A client's preoperative vital signs are temperature 98.6° F orally, apical pulse 80 beats per minute with a regular rhythm, respiration rate 22 breaths per minute, and blood pressure 168/94 mm Hg in the right arm. Based on the interpretation of these findings, which action should the nurse take first?

Compare these values to those recorded previously. (Preoperative assessment of vital signs provides important baseline data with which to compare following surgery. Anxiety and fear commonly cause elevations in the heart rate and blood pressure.)

A nurse obtains the vital signs on a postoperative client who just returned to the nursing unit. The client's blood pressure (BP) is 100/60 mm Hg, the pulse is 90 beats per minute, and the respiration rate is 20 breaths per minute. On the basis of these findings, which of the following nursing actions should be performed?

Continue to monitor the vital signs.

A nurse is collecting data from a client who is scheduled for surgery in 1 week in the ambulatory care surgical center. The nurse notes that the client has a history of arthritis and has been taking acetylsalicylic acid (aspirin). The nurse reports the information to the surgeon and anticipates that the surgeon will prescribe which of the following?

Discontinue the aspirin 48 hours before the scheduled surgery.

A nurse is changing an abdominal dressing on a client with an open incision and notes the presence of sanguineous drainage. Which nursing action would be appropriate?

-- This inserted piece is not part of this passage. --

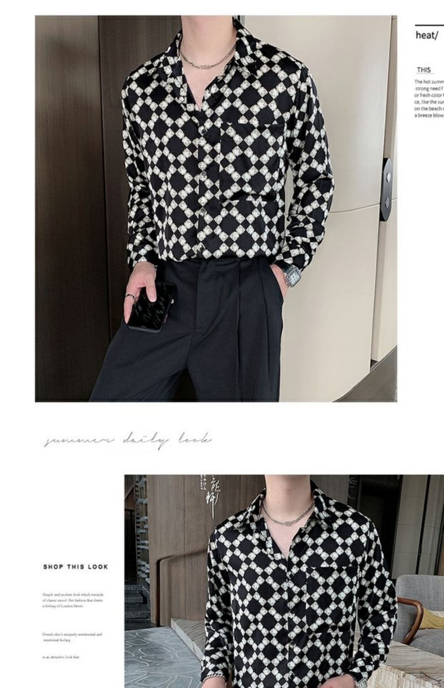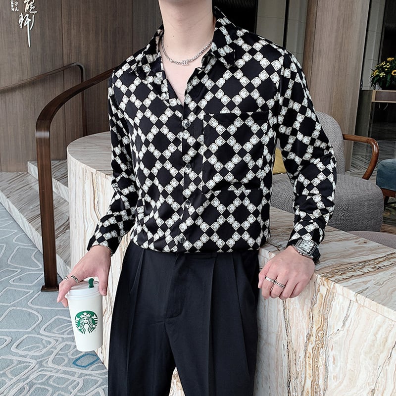 病みカッコイイ メンズファッション ストリートファッション ヒップホップ 個性的 裏原 オータム格子柄シャツ ロング 秋物 ドレス ✝ おしゃれ メンズ 94316991618

Notify the registered nurse. (Sanguineous drainage is bright red and indicates active bleeding. If active bleeding is present, the registered nurse should be notified.)

A client who had abdominal surgery complains of feeling as though "something gave way" in the incisional site. The nurse removes the dressing and notes the presence of a loop of bowel protruding through the incision. Which nursing intervention(s) would the nurse take? Select all that apply.

1. Notify the registered nurse. 2. Document the client's complaint. 3. Instruct the client to remain quiet. 4. Prepare the client for wound closure.